The Taliban take over of Afghanistan in 2021 has had a severe impacts on the country’s higher education system, with systemic threats to Academic Freedom accompanied by specific threats against scholars, students and activists (particularly women and ethnic minorities). In response, we have seen an increased demand for ‘scholarly resettlement’ pathways which would see Canadian Higher Education institutions responding to this crisis through academic placements, scholarships, and other forms of support for Afghan scholars, students and activists. This talk will present the work of on project that has sought to respond to this demand: an IDRC funded project ‘Placement, Preservation and Perseverance’ which seeks to improve supports for Afghans resettling within Canadian Universities whilst also providing pathways for preserving Afghan knowledge(s) and networks more generally. Speakers will include the project’s Research Director (Dr. Elham Gharji-Carleton), the lead of the project’s student arm (Dr. Jenny Peterson-UBC) and a UBC student researcher who has conducted research in support of the project.
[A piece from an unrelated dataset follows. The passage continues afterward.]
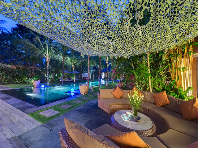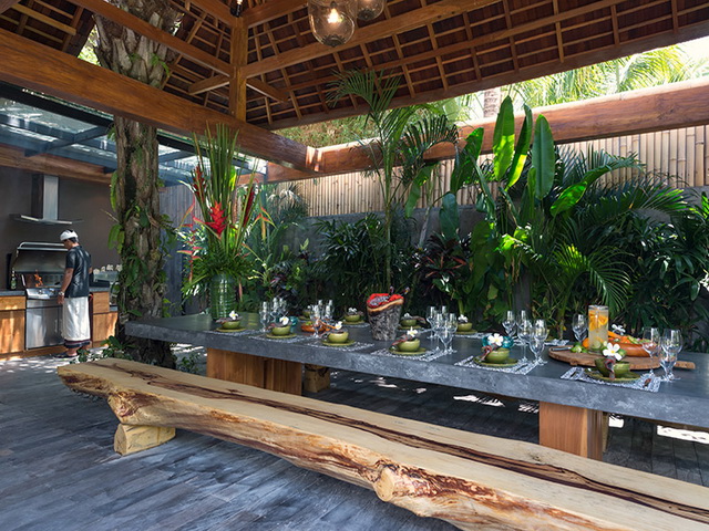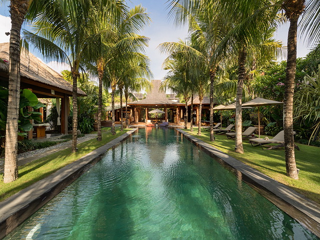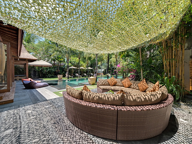 • Living areas : Living room; indoor dining for 10; outdoor dining for 20; 2 TV rooms; outdoor lounge area; poolside balé.
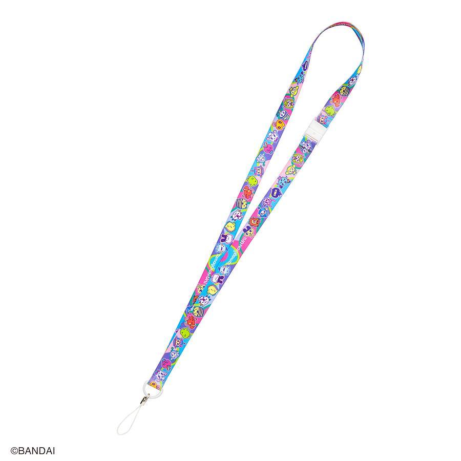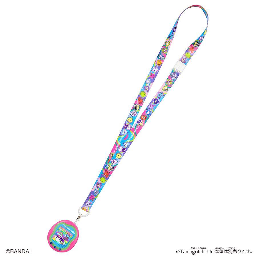 Tamagotchi Uni本体にぴったりなピンクやパープルを使ったマーブル模様で ユニークなキャラクター達がデザインされたネックストラップです。

Jenny Peterson joined the department from the Humanitarian & Conflict Response Institute (Manchester) where she worked as a lecturer from 2009-2013. She is broadly interested in the politics of international aid with her past work analyzing process of liberal peacebuilding and critiques thereof. Finding much of this critical work homogenizing of a diverse range of processes she has recently began exploring conceptual and empirical deviations from the liberal model. Engaging with debates on pacifism, agonism, resistance, hybridity and political space she is now exploring diversity and innovation, both local and international, in peace/justice movements. She has conducted research and led student fieldtrips in Kosovo, Sri Lanka and Ghana. Her teaching interests include peace studies, international relations, humanitarian studies and human rights.
Elham Gharji received his PhD with distinction (Magna Cum Laude) in International Politics and Conflict Resolution from University of Coimbra in Portugal in 2021. Elham has taught subjects in IR and Central Asian politics in Afghanistan, and has guest-lectured in various universities in Europe and North America. He has been a Davis Center fellow at Davis Center for Russian and Eurasian Studies at Harvard University, and a Visiting Fellow at the Center on Governance at University of Ottawa, among others. He currently based at Carleton University, researching and coordinating the research component of an IDRC-funded collaborative project involving Carleton U and UBC, and supporting at-risk scholars, activists and students from Afghanistan.
Please join us to explore what is currently happening in terms of this project, related concerns regarding the scholarly resettlement of Afghan scholars and students in Canada, and the implications this might have for the Higher Education sector in supporting scholars and students from other crises such as Ukraine, Iran and elsewhere.